*** Given material Section Begins ***
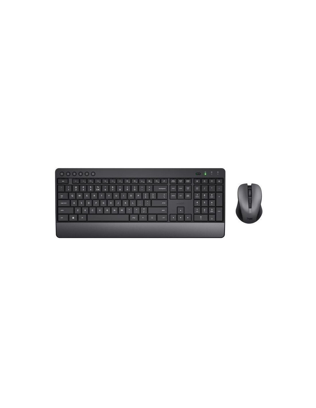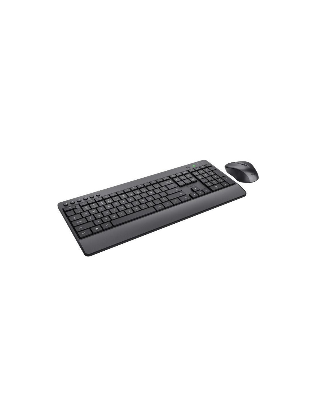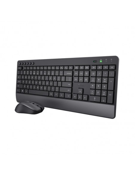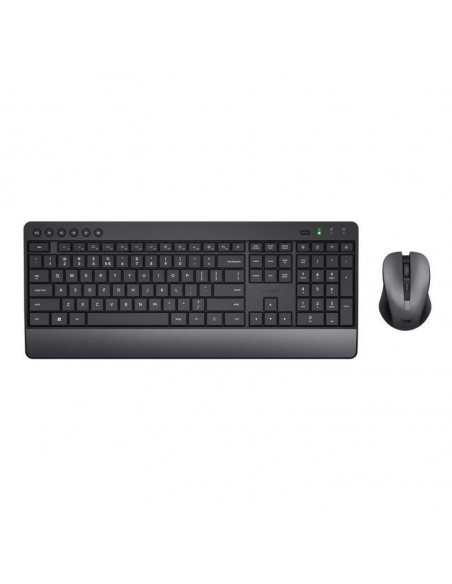 Kit teclado e rato sem fios TRUST Trezo, ideal para trabalhar em silêncio. Design confortável com descanso de pulso integrado. Fabricado com 85% de material reciclado. Baterias Duracell incluídas para até 48 meses de duração (teclado) e 12 meses (rato).
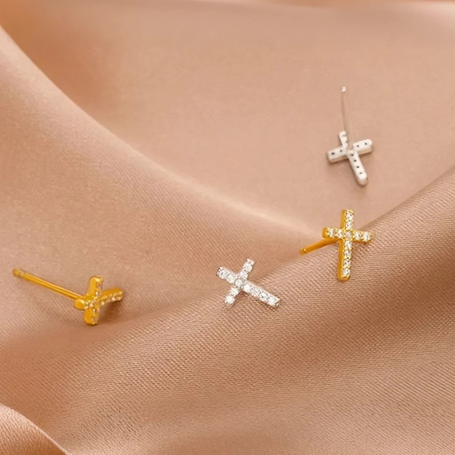 These minimal cross stud earrings—available in silver and gold—offer a low-profile sparkle and skin-friendly S925 posts for calm, comfortable wear. -
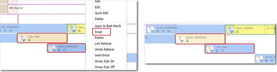 Make Adjustments: You can make date adjustments as required by dragging the side of the timeline of a particular crew member. Please note that you can only make adjustments based on future dates. Any changes made will be automatically reflected in the crew member's Activity records after you save the change. You can also drag the entire timeline to a different role or vessel if required. You can also select two timelines, right click and click Swap to swap the crew members selected for both timelines (see section below).
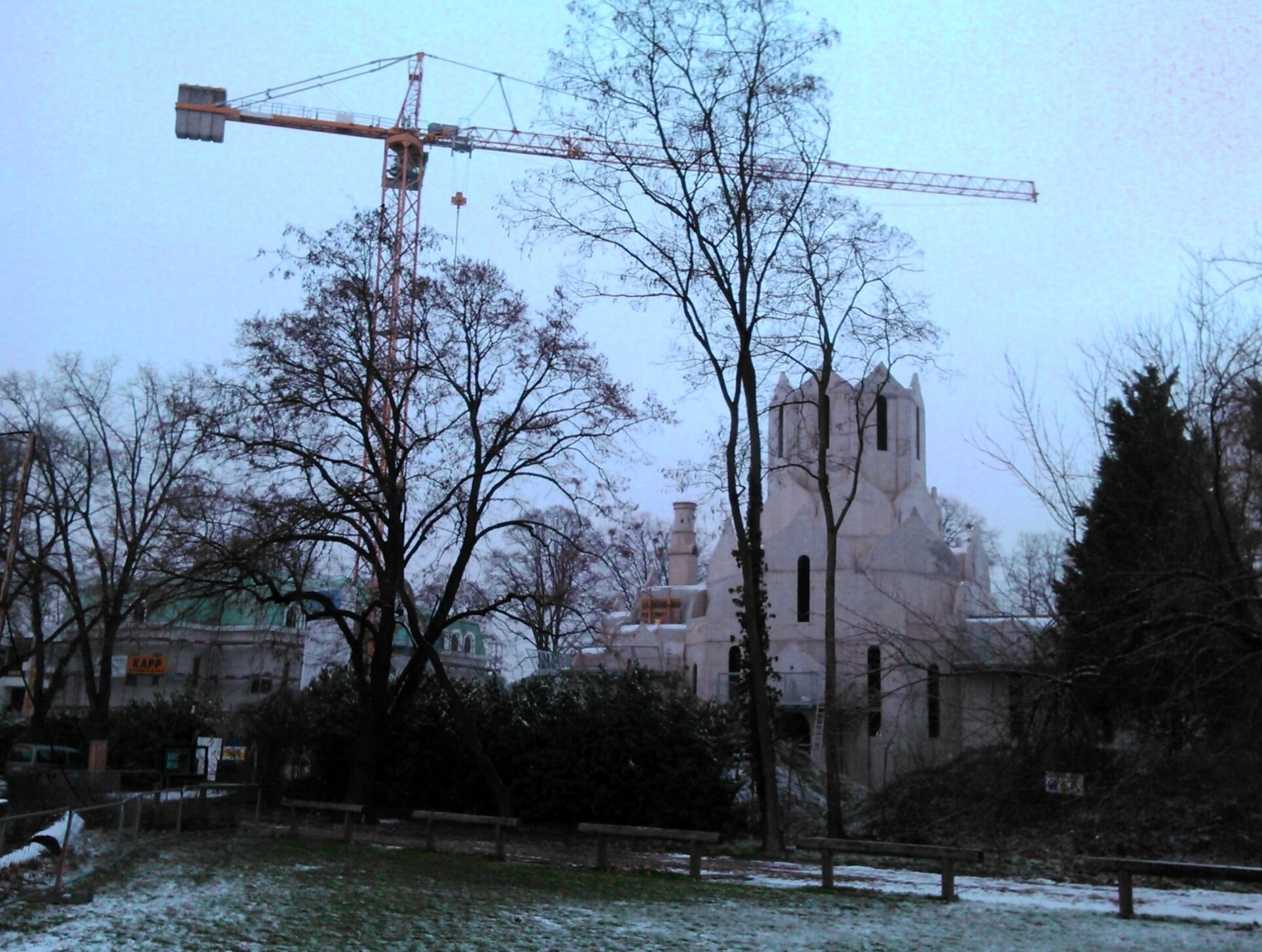 На заднем плане фотографии заметен строительный кран, который указывает на динамику городской жизни, окружающей островок духовной традиции. Храм Всех Святых был возведён и освящён в конце XX века, став важным символом возрождения православной веры в Западной Европе и свидетельством глубоких исторических и культурных связей.
*** Given material Section Ends ***
Copy out every line of the data above, taking care to leave the pictures out.

 Kit teclado e rato sem fios TRUST Trezo, ideal para trabalhar em silêncio. Design confortável com descanso de pulso integrado. Fabricado com 85% de material reciclado. Baterias Duracell incluídas para até 48 meses de duração (teclado) e 12 meses (rato).
 These minimal cross stud earrings—available in silver and gold—offer a low-profile sparkle and skin-friendly S925 posts for calm, comfortable wear. -
 Make Adjustments: You can make date adjustments as required by dragging the side of the timeline of a particular crew member. Please note that you can only make adjustments based on future dates. Any changes made will be automatically reflected in the crew member's Activity records after you save the change. You can also drag the entire timeline to a different role or vessel if required. You can also select two timelines, right click and click Swap to swap the crew members selected for both timelines (see section below).
 На заднем плане фотографии заметен строительный кран, который указывает на динамику городской жизни, окружающей островок духовной традиции. Храм Всех Святых был возведён и освящён в конце XX века, став важным символом возрождения православной веры в Западной Европе и свидетельством глубоких исторических и культурных связей.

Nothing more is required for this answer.